Wait, I'm getting sidetracked with a game review when something interesting has happened in the game. I've solved my crime. I've sent my paladin on a day off with his family to keep them together. My *new* cleric is wearing the most excellent gear. My bard is out of jail.

Okay, well, now - to write that review. Good thing I'm a hundred hours in and only halfway through.

We return, dozens of hours later. The strength of Baldur's Gate games, both 1 and 2, is the expansive beginning act. Act One and Two in the first game, the impressive Act 2 in BG2. These give you the sort of freewheeling fun you expect from a Bioware RPG of that era. Your objectives are simple, yet loosely defined. Get a certain amount of money. Find a certain note. The only way this can be accomplished is, of course, through the mass murder of anything and anyone in your path, the disarming of every trap on the ground, and probably, at some point or another, exploiting the primitive AI and calling it "tactics."

No doubt you have memories of such events. A wizard throwing a fireball into a room full of summoned wolves holding the enemy at bay. Bottlenecking an endless series of Kua-Tuo and hammering them to death with your barbarian warrior. Springing a trap on an unwary demilich, re-killing him instantly. Using mindless skeletons to absorb the endless waves of mind-flayers in the Underdark.

In a modern context, this would seem "cheesy," and be a bit off-putting, but the mechanics are done just right, to save the sense of adventure. The fan patches that make up the (must use) Trilogy edition turn many of these would-be-gamebreakers into fun twists, balancing the overwhelming power of too-many summons, or the game-destroying failure to roll a saving throw on your fighter, who then murders the entire party.

When you come out of the game-turning events - reaching Baldur's Gate, heading off to Spellhold, your characters are powerful, no more pathetically flailing at people with quarterstaves, now you're hitting with legendary swords and immune to everything the game can throw at you.

Until the enemies level up - or you go in search of the most challenging fights! There's always something you can do that's NOT EASY.

One of the best fights, to me, comes in Throne of Bhaal, the sprawling "expansion" that serves, to me, as a fitting Baldur's Gate 3. You run across an army. Yes, an army. Wizards, archers, warriors, big gangs of minions. An army.

And you fight them. If you win (at this point, you're quite literally a god. You will win) you look back on an entire pile of loot and death, and know it's only a short ways to go until you can earn that Throne of Bhaal.

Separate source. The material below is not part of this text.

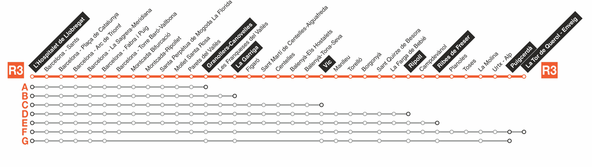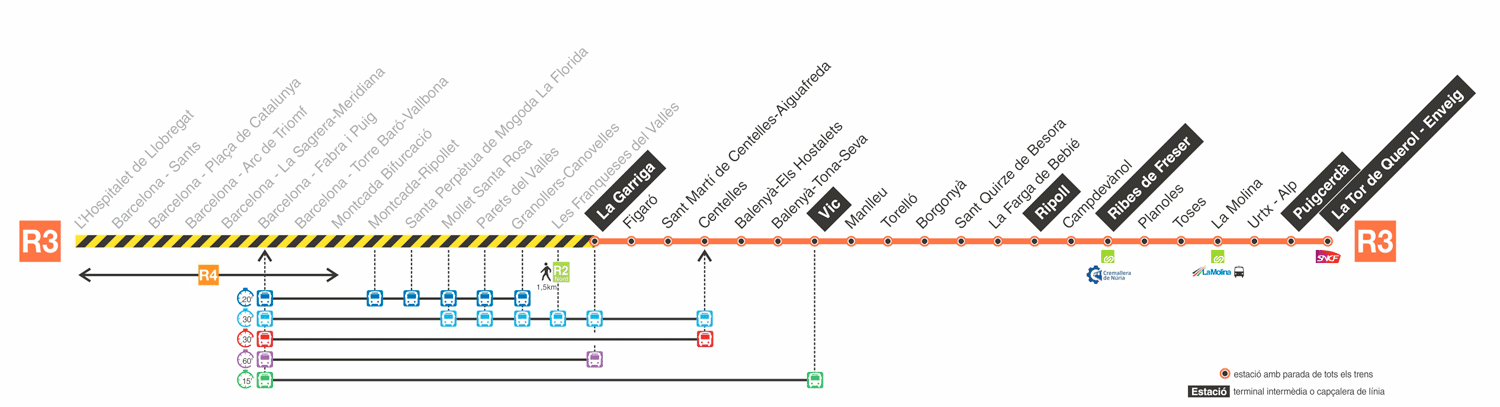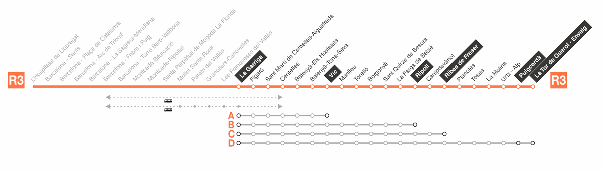 - Ribes - Puigcerdà: Dl-Dv 7 trens | Ds-Dg 6 trens

Also, the endings are good. Most games just hurl you into a fight you probably didn't quite realize was coming. Not Baldur's Gate 2. No sir, the game telegraphs these intentions from a mile away. You chase the Big Bad Sarevok into his lair. You take the wizard Irenicus to HELL to fight him. You assault the throne of Bhaal itself. There's no 'well what happened?' no Knights of the Old Republic twist, no question that you have in fact, finished the game.

You've probably already played this game. Skip the "Enhanced Edition." Get the regular, on Good Old Games. Apply the trilogy patch as they lay it out.

That's the best way to revel in the greatest game the world has ever seen!

There. A dragon. Because "Dungeons and Dragons" is in the name, and "Dragons" is a pretty significant part.